2. The Golden Rule: The Do-File Editor

As an epidemiologist handling thousands of sensitive health records, reproducibility is the foundation of your work. We do not click buttons in dropdown menus.

Every single action, from loading the raw dataset to recoding categorical variables to running the final regression model, must be written sequentially in a Stata script. This is called a Do-File (.do).

Stata 18 MP Do-File Editor on MacOS

Do-File Editor

Open the Do-File editor by typing doedit in the command window. Write your code here. Highlight it and click the Execute (Do) button to run it. This saves your entire pipeline so colleagues can review it and peer reviewers can audit it.

3. Getting to Know Your Data

Before you run a single hazard ratio or logistic regression, you must intimately understand the shape of your cohort. Let us load a dataset directly into memory to understand the flow. Stata provides built-in health datasets for learning. We will use the bplong dataset, a hypothetical patient cohort tracking blood pressure over time.

Download the Companion Do-File

I have prepared a heavily annotated Stata script (.do) that mirrors the exact workflow below. Download it, open it in Stata, and highlight the code blocks step-by-step to follow along natively.

Download Script

Type this directly into your Do-File and execute it block by block:

stata
* 1. Clear memory before starting
clear all

* 2. Load the built-in blood pressure dataset (sysuse grabs system datasets)
sysuse bplong

* 3. Describe the schema of the dataset
describe

The describe command tells you immediately how many observations exist and what variables are available. But it does not tell you if the data is messy. When loading real clinical data, your very first check should always be the codebook command.

stata
* Get a granular breakdown of every variable, including missing values
codebook

codebook is arguably the most powerful exploratory tool in Stata. It prints a detailed report for every variable, showing the distinct unique values, the number of missing observations, and any text labels attached to numeric categories (like 1 = "Male", 2 = "Female").

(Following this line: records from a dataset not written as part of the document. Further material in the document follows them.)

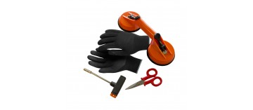 Montageset waarmee u uw kas in elkaar kunt zetten. Deze set bestaat uit een schaar, een paar handschoenen, een sleutel voor de bouten en een zuignap voor het glas.
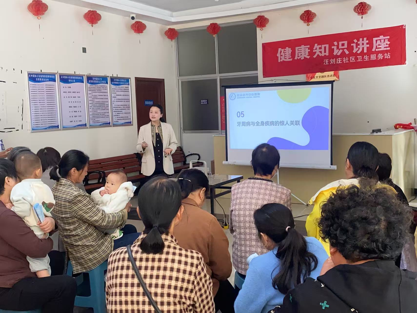 义诊活动周期间,医院公共卫生科联合口腔科走进汪刘庄社区卫生服务站为群众开展健康知识讲座。口腔科副主任彭波为群众进行科普讲座,为大家答疑解惑。
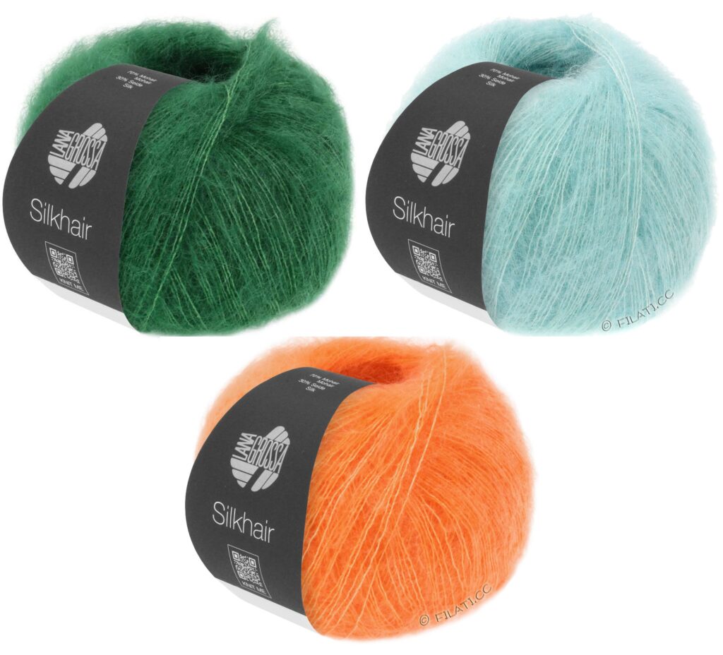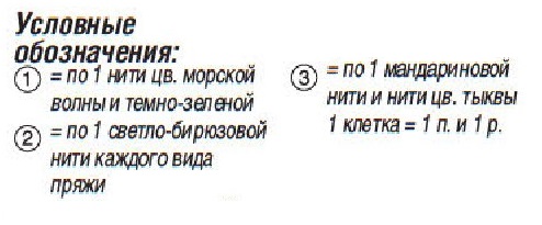 пряжа 2 – LANA GROSSA “Silkhair” (70% мохера, 30% шелка; 210 м/ 25 г)-100 (125) 125 г темно-зеленой, 50 г светло-бирюзовой и 25 г цв. тыквы; спицы N° 4 и 5; круговые спицы №4.

Once you are satisfied your data is clean, you can generate summary statistics for continuous variables (like age or BMI) using the summarize command:

stata
* Generate full summary statistics for the continuous blood pressure variable
summarize bp, detail

Alternatively, if you are looking at categorical epidemiological risk factors (like smoking status or Townsend deprivation quintiles), you need to look at cross-tabulations. We achieve this with tabulate (or simply tab for short):

stata
* Generate a frequency table for patient sex
tabulate sex

* Generate a cross-tabulation of sex against age group, including row percentages
tabulate sex agegrp, row

Quick Tip: Syntax Logic

Stata commands follow a consistent structure: [command] [variables], [options]. The comma separates what you want Stata to do from the options that control how it does it, such as adding , detail or , row.


Further Resources

You do not need to memorise every command. Good documentation is part of the workflow. These are the most useful places to start:

  • Official Stata Cheat Sheets (PDF)

    Authored by Dr. Tim Essam and Dr. Laura Hughes, these are universally recognised as the best quick-reference guides for Stata. From data processing to statistical graphics, download these PDFs and pin them to your wall.

  • UCLA OARC Stata Web Books

    The quintessential online university repository for learning Stata. If you want to know exactly how to run an ANOVA or process a longitudinal string dataset, UCLA provides an exact guide to do it.